Gaia Agent Evaluation Guide

This guide will walk you through the setup process for running the sample code and evaluating your agent using Gaia results.

Step 1: Configure API Keys

Before anything else, make sure you configure your secret keys in the Space Settings section.

Log into each required platform.
Locate and input your API keys in the designated fields.

Step 2: Set Up Supabase

Log in to Supabase.
Navigate to your space, then go to your project.
Open the SQL Editor, paste the SQL code below, and run it to create the necessary table and function.

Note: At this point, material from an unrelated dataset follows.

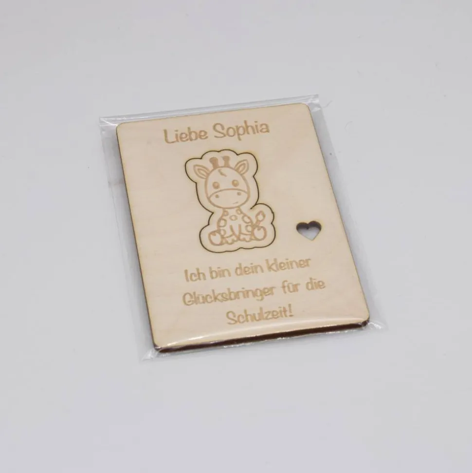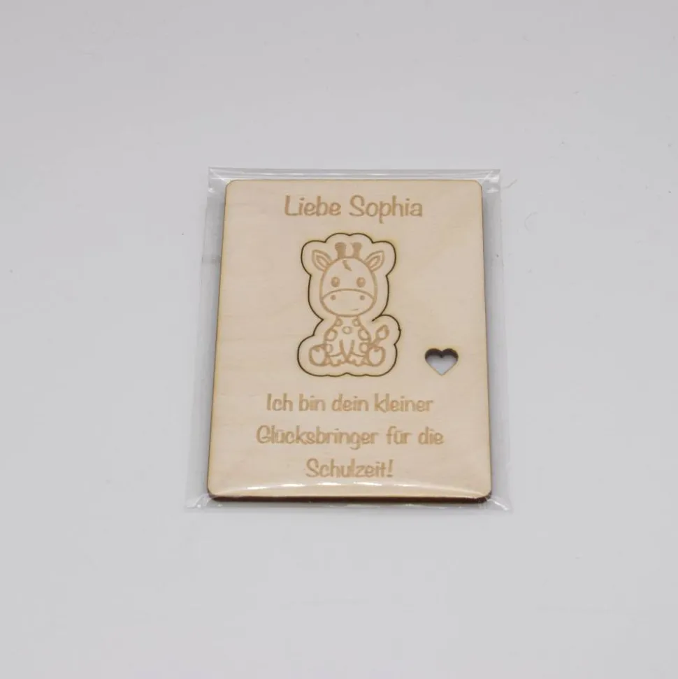 Dieser personalisierte Glücksbringer aus Holz ist ein liebevolles Geschenk zur Einschulung und ein täglicher Begleiter für den Schulanfang. Ideal für Schultüte, Federmappe oder Schulranzen – als Mutmacher für den ersten Schultag.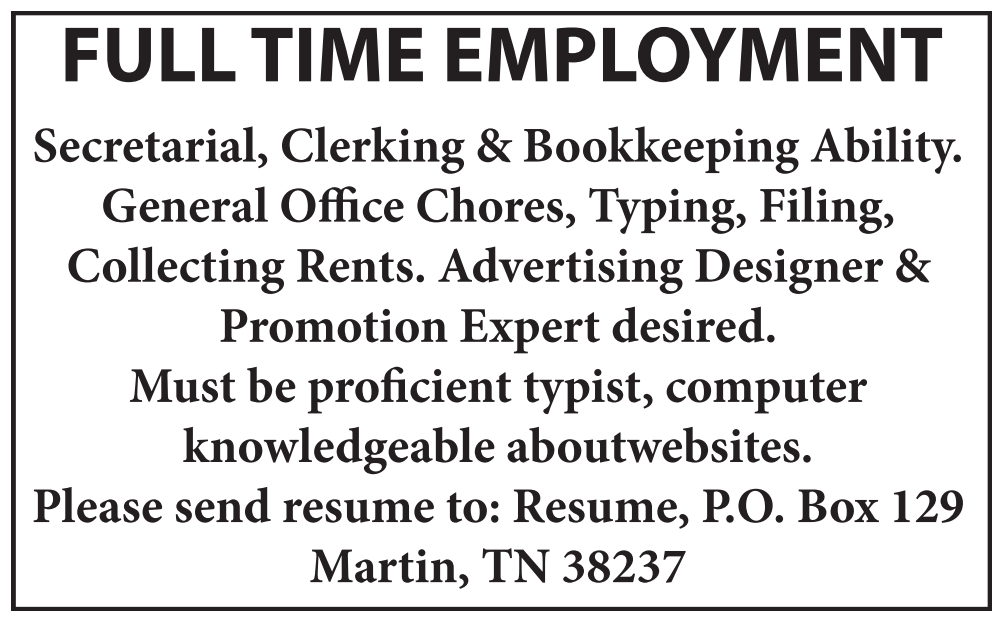 Please send resume to: Resume, P.O. Box 129 Martin, TN 38237

📦 SQL Code – Creating Tables and Functions

-- Enable pgvector if not already enabled
create extension if not exists vector;

-- Create the documents table (if not already done)
create table if not exists documents (
  id bigserial primary key,
  content text,
  metadata jsonb,
  embedding vector(768)  -- Make sure this matches your model's embedding dimension
);

-- Create the match_documents function
create or replace function match_documents (
  query_embedding vector(768),
  match_count int default 5,
  filter jsonb default '{}'
)
returns table (
  id bigint,
  content text,
  metadata jsonb,
  similarity float
)
language plpgsql
as $$
begin
  return query
  select
    id,
    content,
    metadata,
    1 - (embedding <=> query_embedding) as similarity
  from documents
  where metadata @> filter
  order by embedding <=> query_embedding
  limit match_count;
end;
$$;

After running the above, execute this command to ensure Supabase’s API layer (PostgREST) refreshes its internal schema cache:

NOTIFY pgrst, 'reload config';

Step 3: Populate the Database

To enable document retrieval, you need to populate the database with example entries:

Open and run the test.ipynb Jupyter notebook.
This script reads from the metadata.jsonl file and inserts the examples into the documents table.
This adds a Basic Retrieval capability to your agent, enhancing its performance.

Step 4: Run the Evaluation

Once the database is set up and filled with data:

Proceed to the Evaluation section in your project.
Run the evaluation script to test and score your agent’s performance.